Standoff experiment plus observations from Felix Sasaki on 2013-02-25 (public-multilingualweb-lt@w3.org from February 2013)

From: Felix Sasaki <fsasaki@w3.org>
Date: Mon, 25 Feb 2013 19:01:08 +0100
To: "public-multilingualweb-lt@w3.org" <public-multilingualweb-lt@w3.org>
Message-ID: <512BA6E4.3060401@w3.org>

Hi all,

Christian, Marcis and Tadej know this (apologies for the repetition) - 
but I thought others might be interested too.

I played a bit with the NERD API
http://nerd.eurecom.fr/documentation#nerdapi

1) I generated ITS "tan" via 4 annotation engines that can be accessed 
through the api: dpbedia spotlight, extractiv, lupedia, yahoo.
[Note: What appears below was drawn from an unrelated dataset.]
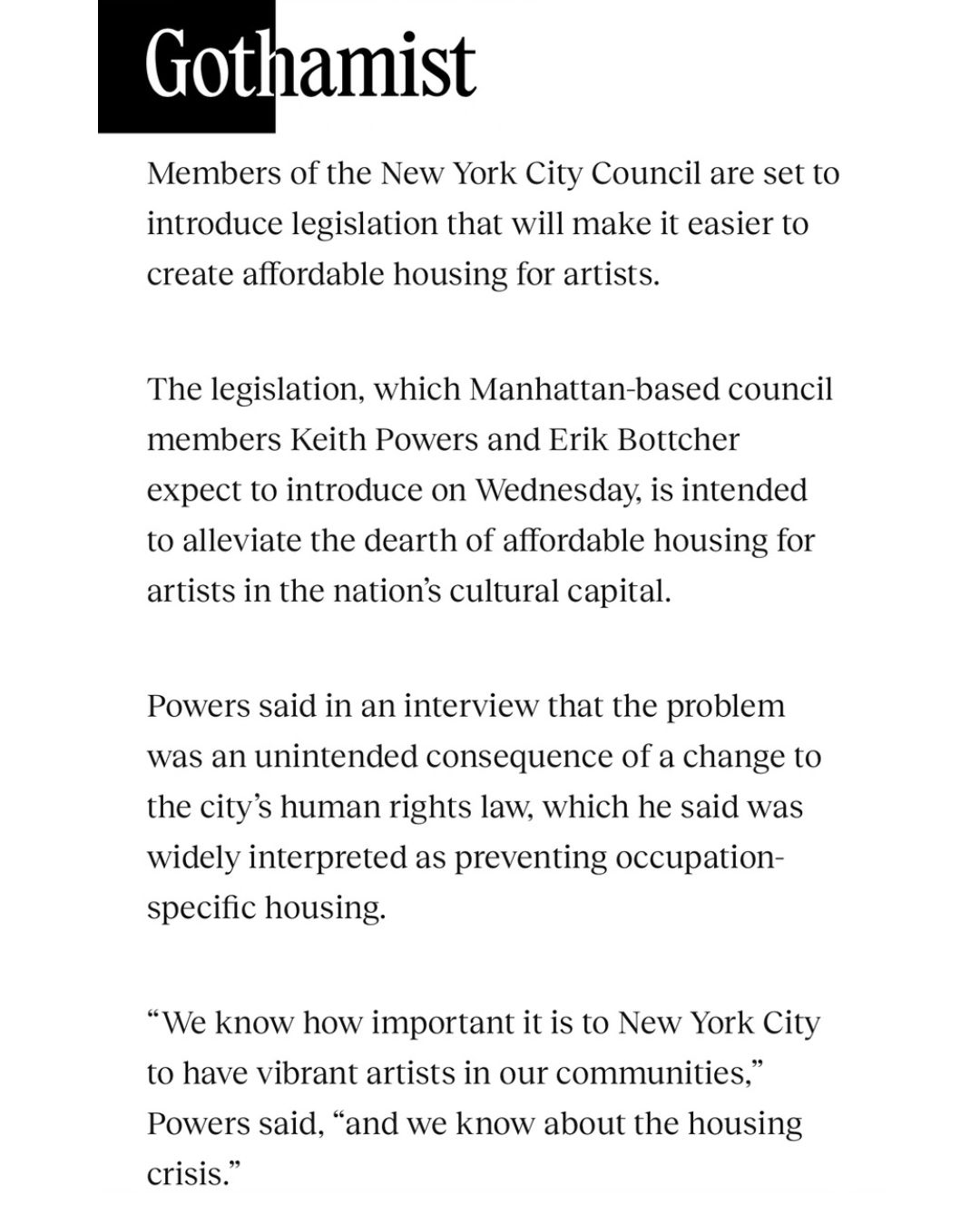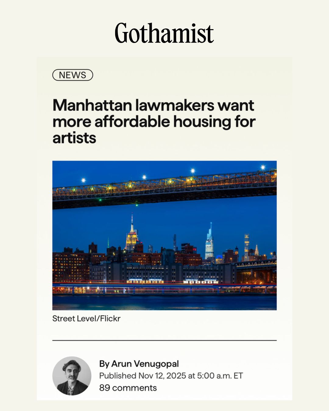 Speakers, including Broadway legend André De Shields, shared moving stories about the creative careers and communities they were able to build thanks to stable and affordable housing, while younger artists described the struggles they face today just trying to pay rent that far outpaces their wages. NYFA’s Board Chair, Sarah Young O’Donnell, spoke about our partnership on the WFF HSG (and gave a shout-out to Betty, Francesca, and George!) explaining that “we’ve learned how very great the need is for affordable housing for artists in New York City.” Here at WFF, we’re grateful to be contributing to this important effort alongside so many passionate and principled advocates for artists!

2 a) I also created a *non* ITS "tan" standoff version, see 
multiple-ann-with-id-plus-standoff.html . It relies on ID attributes, 
and the standoff annotations point to the IDs. This is the approach that 
we had discussed a while ago on the mailing list.
2 b) The file multiple-ann-with-standoff-refs-script.html uses our 
current localization quality issue and provenance standoff approach, 
that is: pointing from the content to annotations, here via an 
artificial x-t-ref attribute.


 From 2), I learned various things:

- Making sure that standoff works requires a known workflow, "know" esp. 
with regards to white space handling. Otherwise the multiple annotation 
engines create multiple character offsets. So from this having a 
recommendation to leave standoff processingto NIF makes a lot of sense.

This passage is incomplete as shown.